##### Data
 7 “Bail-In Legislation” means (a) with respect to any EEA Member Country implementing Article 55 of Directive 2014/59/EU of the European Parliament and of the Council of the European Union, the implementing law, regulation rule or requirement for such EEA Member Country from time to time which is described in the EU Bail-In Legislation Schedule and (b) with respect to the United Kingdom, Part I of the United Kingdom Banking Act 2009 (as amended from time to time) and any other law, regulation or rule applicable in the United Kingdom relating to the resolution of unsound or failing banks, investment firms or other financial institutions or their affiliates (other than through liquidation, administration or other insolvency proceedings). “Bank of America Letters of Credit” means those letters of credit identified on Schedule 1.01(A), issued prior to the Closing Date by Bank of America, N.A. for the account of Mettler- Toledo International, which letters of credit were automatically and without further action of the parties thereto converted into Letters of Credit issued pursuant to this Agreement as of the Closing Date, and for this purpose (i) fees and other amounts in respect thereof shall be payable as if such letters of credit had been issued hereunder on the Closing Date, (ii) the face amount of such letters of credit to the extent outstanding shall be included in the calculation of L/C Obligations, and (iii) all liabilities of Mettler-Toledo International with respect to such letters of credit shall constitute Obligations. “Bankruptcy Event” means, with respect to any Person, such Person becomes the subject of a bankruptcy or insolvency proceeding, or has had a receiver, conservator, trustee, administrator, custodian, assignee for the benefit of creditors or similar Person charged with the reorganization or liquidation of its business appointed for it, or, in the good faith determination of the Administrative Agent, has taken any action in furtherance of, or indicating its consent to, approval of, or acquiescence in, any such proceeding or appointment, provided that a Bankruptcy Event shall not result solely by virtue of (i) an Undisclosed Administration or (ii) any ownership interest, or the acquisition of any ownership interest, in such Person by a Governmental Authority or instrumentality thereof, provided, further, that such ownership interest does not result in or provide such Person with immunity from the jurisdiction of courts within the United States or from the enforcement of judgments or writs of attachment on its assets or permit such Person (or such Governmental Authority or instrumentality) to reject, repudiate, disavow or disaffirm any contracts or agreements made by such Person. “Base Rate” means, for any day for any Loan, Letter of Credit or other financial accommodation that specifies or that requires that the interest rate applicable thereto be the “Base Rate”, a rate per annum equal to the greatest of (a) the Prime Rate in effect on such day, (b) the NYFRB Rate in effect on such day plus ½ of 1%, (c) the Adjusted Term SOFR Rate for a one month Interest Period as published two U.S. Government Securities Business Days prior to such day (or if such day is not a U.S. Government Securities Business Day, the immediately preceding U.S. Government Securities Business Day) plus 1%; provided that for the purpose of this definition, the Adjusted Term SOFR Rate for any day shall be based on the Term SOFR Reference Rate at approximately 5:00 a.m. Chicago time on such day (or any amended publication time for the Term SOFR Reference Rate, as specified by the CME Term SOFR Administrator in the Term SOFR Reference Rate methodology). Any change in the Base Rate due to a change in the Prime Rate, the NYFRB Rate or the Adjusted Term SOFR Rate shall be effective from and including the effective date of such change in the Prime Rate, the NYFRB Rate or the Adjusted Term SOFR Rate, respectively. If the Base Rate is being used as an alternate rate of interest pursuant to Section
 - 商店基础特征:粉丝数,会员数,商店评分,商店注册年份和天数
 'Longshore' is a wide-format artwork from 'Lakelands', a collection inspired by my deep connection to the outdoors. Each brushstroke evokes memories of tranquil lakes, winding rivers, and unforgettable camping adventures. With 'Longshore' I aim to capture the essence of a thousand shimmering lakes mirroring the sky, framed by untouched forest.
##########
§ **Your assignment**: From beginning to end, the data must be duplicated exactly.

§ **Finished task**:
 7 “Bail-In Legislation” means (a) with respect to any EEA Member Country implementing Article 55 of Directive 2014/59/EU of the European Parliament and of the Council of the European Union, the implementing law, regulation rule or requirement for such EEA Member Country from time to time which is described in the EU Bail-In Legislation Schedule and (b) with respect to the United Kingdom, Part I of the United Kingdom Banking Act 2009 (as amended from time to time) and any other law, regulation or rule applicable in the United Kingdom relating to the resolution of unsound or failing banks, investment firms or other financial institutions or their affiliates (other than through liquidation, administration or other insolvency proceedings). “Bank of America Letters of Credit” means those letters of credit identified on Schedule 1.01(A), issued prior to the Closing Date by Bank of America, N.A. for the account of Mettler- Toledo International, which letters of credit were automatically and without further action of the parties thereto converted into Letters of Credit issued pursuant to this Agreement as of the Closing Date, and for this purpose (i) fees and other amounts in respect thereof shall be payable as if such letters of credit had been issued hereunder on the Closing Date, (ii) the face amount of such letters of credit to the extent outstanding shall be included in the calculation of L/C Obligations, and (iii) all liabilities of Mettler-Toledo International with respect to such letters of credit shall constitute Obligations. “Bankruptcy Event” means, with respect to any Person, such Person becomes the subject of a bankruptcy or insolvency proceeding, or has had a receiver, conservator, trustee, administrator, custodian, assignee for the benefit of creditors or similar Person charged with the reorganization or liquidation of its business appointed for it, or, in the good faith determination of the Administrative Agent, has taken any action in furtherance of, or indicating its consent to, approval of, or acquiescence in, any such proceeding or appointment, provided that a Bankruptcy Event shall not result solely by virtue of (i) an Undisclosed Administration or (ii) any ownership interest, or the acquisition of any ownership interest, in such Person by a Governmental Authority or instrumentality thereof, provided, further, that such ownership interest does not result in or provide such Person with immunity from the jurisdiction of courts within the United States or from the enforcement of judgments or writs of attachment on its assets or permit such Person (or such Governmental Authority or instrumentality) to reject, repudiate, disavow or disaffirm any contracts or agreements made by such Person. “Base Rate” means, for any day for any Loan, Letter of Credit or other financial accommodation that specifies or that requires that the interest rate applicable thereto be the “Base Rate”, a rate per annum equal to the greatest of (a) the Prime Rate in effect on such day, (b) the NYFRB Rate in effect on such day plus ½ of 1%, (c) the Adjusted Term SOFR Rate for a one month Interest Period as published two U.S. Government Securities Business Days prior to such day (or if such day is not a U.S. Government Securities Business Day, the immediately preceding U.S. Government Securities Business Day) plus 1%; provided that for the purpose of this definition, the Adjusted Term SOFR Rate for any day shall be based on the Term SOFR Reference Rate at approximately 5:00 a.m. Chicago time on such day (or any amended publication time for the Term SOFR Reference Rate, as specified by the CME Term SOFR Administrator in the Term SOFR Reference Rate methodology). Any change in the Base Rate due to a change in the Prime Rate, the NYFRB Rate or the Adjusted Term SOFR Rate shall be effective from and including the effective date of such change in the Prime Rate, the NYFRB Rate or the Adjusted Term SOFR Rate, respectively. If the Base Rate is being used as an alternate rate of interest pursuant to Section
 - 商店基础特征:粉丝数,会员数,商店评分,商店注册年份和天数
 'Longshore' is a wide-format artwork from 'Lakelands', a collection inspired by my deep connection to the outdoors. Each brushstroke evokes memories of tranquil lakes, winding rivers, and unforgettable camping adventures. With 'Longshore' I aim to capture the essence of a thousand shimmering lakes mirroring the sky, framed by untouched forest.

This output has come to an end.